Just like yesterday…..


Photo by Ana Labate from stock.xchng.com.

It’s funny how things come to you…..The local PBS station had a Woflgang’s Vault (I’ll explain that later) program on last night as a fund raiser.  It was a Peter Frampton -Lynyrd Skynyrd concert from the Oakland Stadium “Day on the Green”, July 1977.  It was such a deja vu moment:  It was a concert that BASS had sold tickets for…..after the first Day sold out I was able to convince Bill Graham there was enough interest to add a second and eventually a third date; they all sold out.  It was fun watching how the performers and audience looked:  they have to be in their fifties or sixties now.  There was Bill walking around the stage busy, the Barsottis (production), Eric Christensen,  Jerry Pompili and I might have even seen the famous photographer Baron Wolman.   And I knew I was sitting somewhere behind the stage in the backstage area.

I never thought when I was promoting Roller Derby that I would ever be associated with Rock and Roll.  But if I had thought about, there were definitely things in common:  the intensity and empathy with the spectators, how much they all got into the performances and the game.

One of the main reasons I loved Roller Derby was that I could get just as excited as the other fans with a great block, a jam (I loved the speed and agility of the skaters) and the game itself.  And rock and roll, that was a whole different but similar story.  I had gone to the Fillmore before as a curiosity but never got into it.  With my Atherton friends we had gone to the Oakland Arena to see Jimi Hendrix  just so we could dress up sixties but I didn’t appreciate him.  And when we took my son Steven to see the Beatles at the Cow Palace, the audience was so screamy and the sound system so inadequate that we couldn’t hear them.

But after Hal and I started BASS Tickets I really wanted to understand why the “kids” were so fanatical about the music.  I started (in my forties) to go to the shows, obviously to see if there were problems with the ticketing, but also to hear the music.  I think my first Winterland show was Montrose (who?), which I really enjoyed.  Then there was BTO (not so much), Beach Boys (cute, kind of boring),  Blue Oyster Cult, and then finally the Who (no one better), the Stones (more fun than anything), Led Zeppelin (who I hated, but not just because of their music), Rod Stewart (before he got on his oldies kick)  The Pretenders, Joan Jett, and so many more.

Photo by Charlie Balch from stock.xchng.com.

It was only after I got the music and the audience energy that I really grew to understand what so many “adults” didn’t:  it was such a great release, you had such community with those around you, and you just felt good.  I really miss that in today’s music…Obviously I got the same feeling from Motown.

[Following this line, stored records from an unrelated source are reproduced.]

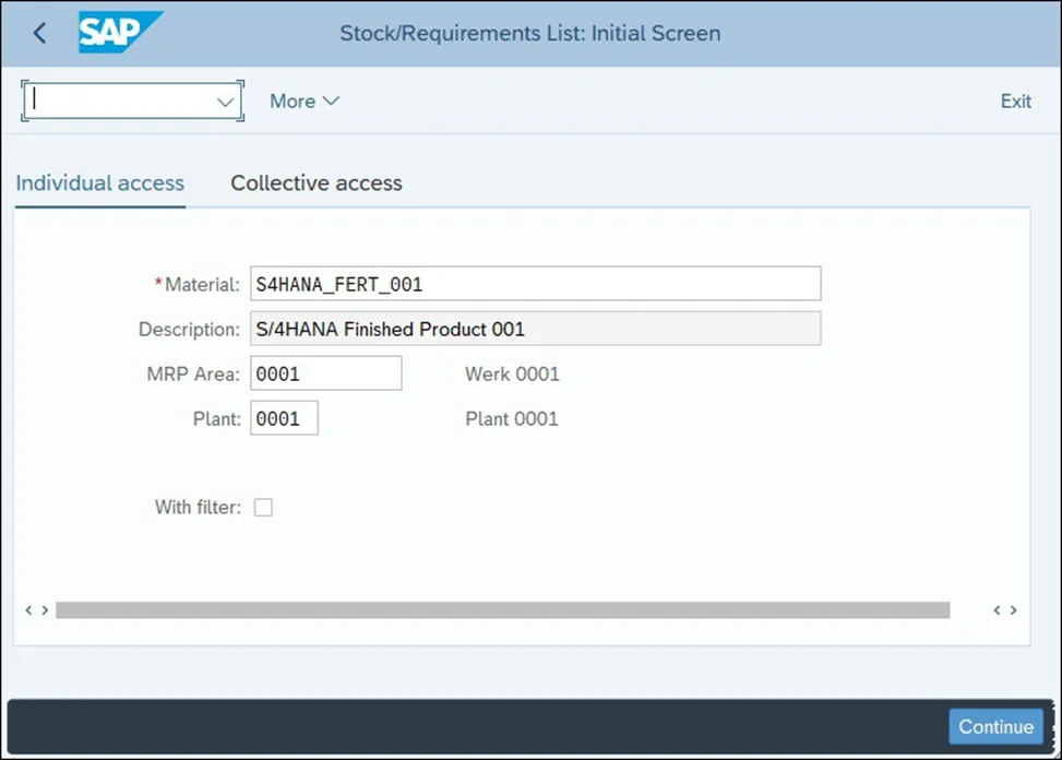 事务码MD04最初是在早期的 SAP ERP版本中为 SAP GUI开发的,但在SAP S/4 HANA中,也可以通过SAP Fiori 启动面板访问它。对于需要每天分析MRP结果的MRP控制者来说,库存/需求列表通常是主要切入点。有两种方法可以访问此事务:- 集中读取,通过它以使用更广泛的选择标准,并选择多种材料。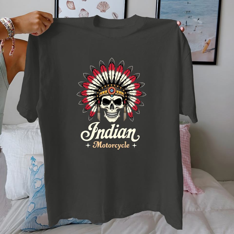 Calavera con texto de motocicleta India Camiseta de mujer de algodón puro ajuste cómodo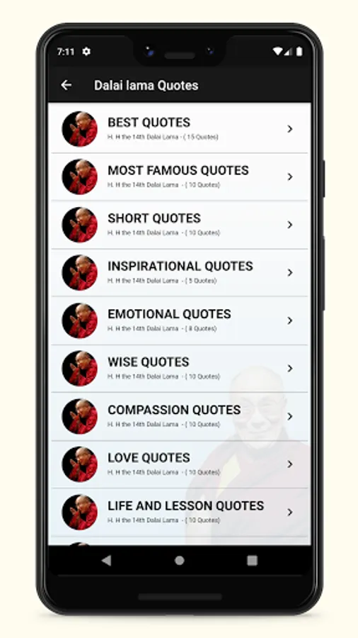 Here in this app, there are total of 120 different quotes based on different category. The categories are as mentioned below :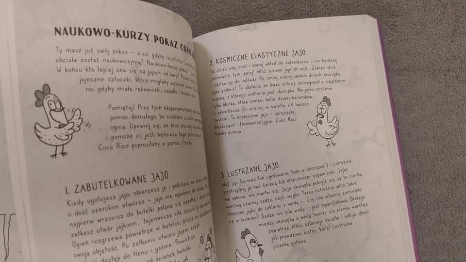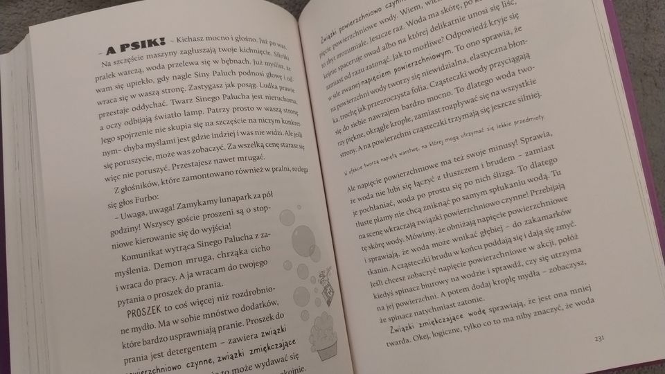 Na początku poznajemy 10 zasad naukowca, które pozwolą bezpiecznie przeprowadzić eksperymenty przez dzieci w wieku 8+. Jeśli nie widzieliście jeszcze tańczącego ryżu, samopompującego się balonu, układu okresowego pierwiastków z notatkami o polskich akcentach to nawet pobieżne przejrzenie książki może przynieść popularyzatorską korzyść. Wspomnienie o chemicznych mistrzach smrodu może stać się humorystycznym akcentem czytelniczej przygody.
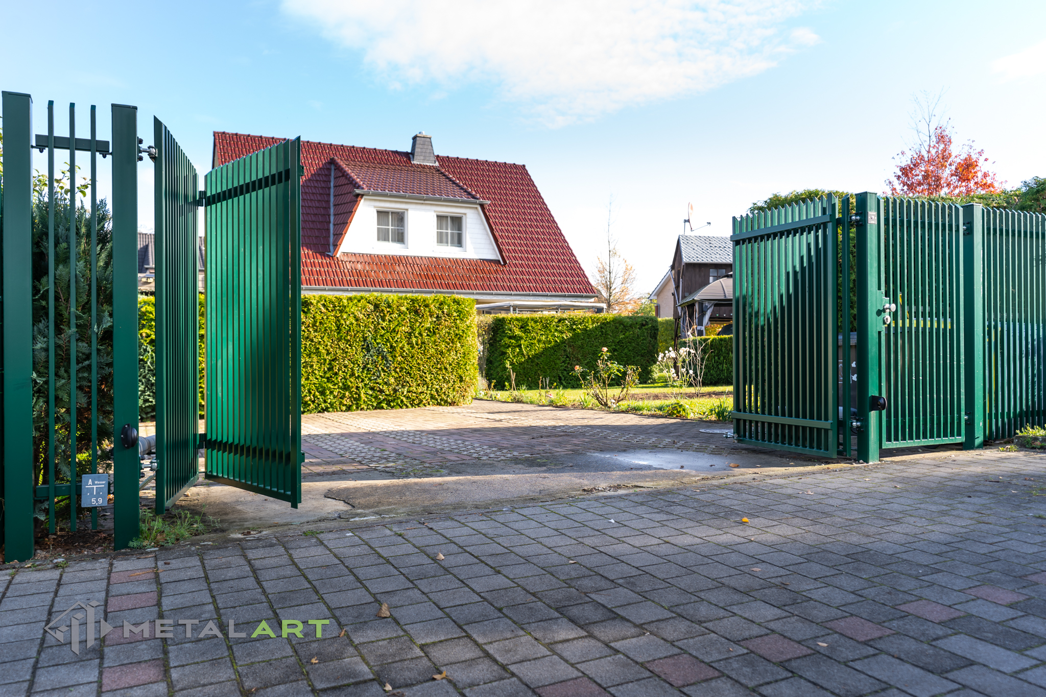 Ein scheinbar gewöhnlicher Zaun, doch dieses Design ist überraschend. Das Material spielt hier eine wichtige Rolle. Der Zaun sieht aus jeder Perspektive anders aus und spielt mit seiner Dreidimensionalität. Der Vorteil dieses Designs ist, dass es neutral bleibt und in viele architektonische Lösungen passt. Die Dicke der Zaunstäben und der Abstand zwischen ihnen, die Höhe und Breite können auf Ihre Bedürfnisse abgestimmt werden. Außerdem können die Zaunstäbe auf unterschiedliche Weise montiert werden.

I was at one concert with a friend that was amazing:  I had heard Springsteen on records on the radio but wasn’t that impressed.  However in person, I think he is the most dynamic performer there is, if you can last the four hours.  And an amazing thing happened.  I was sitting in the tenth row and Bruce came off the stage during one song, jumped on the chair next to me, and my friend and I held his legs while he rocked on.  I guess that is the ultimate bonding experience.

Now about Wolfgang’s Vault, as I told you in an earlier blog about Bill Graham and me, Bill’s real name was Wolfgang.  Apparently, after Bill died one of his storage buildings was sold off.  I understand the buyer was not that concerned with the building (who is he?) but with all the unheard tapes from Winterland, Days on the Green, and memorabilia that was stored there, and he has turned it into a very profitable business; of course if he hadn’t I wouldn’t have seen the program last night.

I really learned about the rock and roll people when I toured with Dylan on the Rolling Thunder Revue; if you haven’t already, read my earlier blogs on the tour.  I do have some funny stories to tell about it, but not today.

As for Led Zeppelin:  they were scheduled for two Days on the Green and they sold out immediately and Bill had about 3 mil waiting to be split.  The drummer Bonham’s son was walking around backstage being a smartass with no backstage passes on, and one of Bill’s blue shirts (security) stopped him.  Zeppelin’s manager, a real creep, sent his goons out and they beat the guy up.  This was the first day of the two-day stop.  It turned into an impasse, Zeppelin refusing to go on the next day unless Bill and the security signed a statement that it was settled andthey wouldn’t sue or prosecute.  I know it killed him,  but Bill did it.  However, after the concert ended the next day the Oakland police somehow came around with a warrant for the perps arrest.

Bill knew he had blown it with the Zeppelin but I sure admired him for it.  He was always more concerned with all of his people and that included his $30 a day security.

In later years I heard the Eurythmics, Culture Club, Dave Mathews and on and on, but I have always felt Rock and Roll in the sixties and seventies represented our last real happy time.   You can argue with me if you want.

The music of the 21st Century:  you can hear at any Derby Girls game.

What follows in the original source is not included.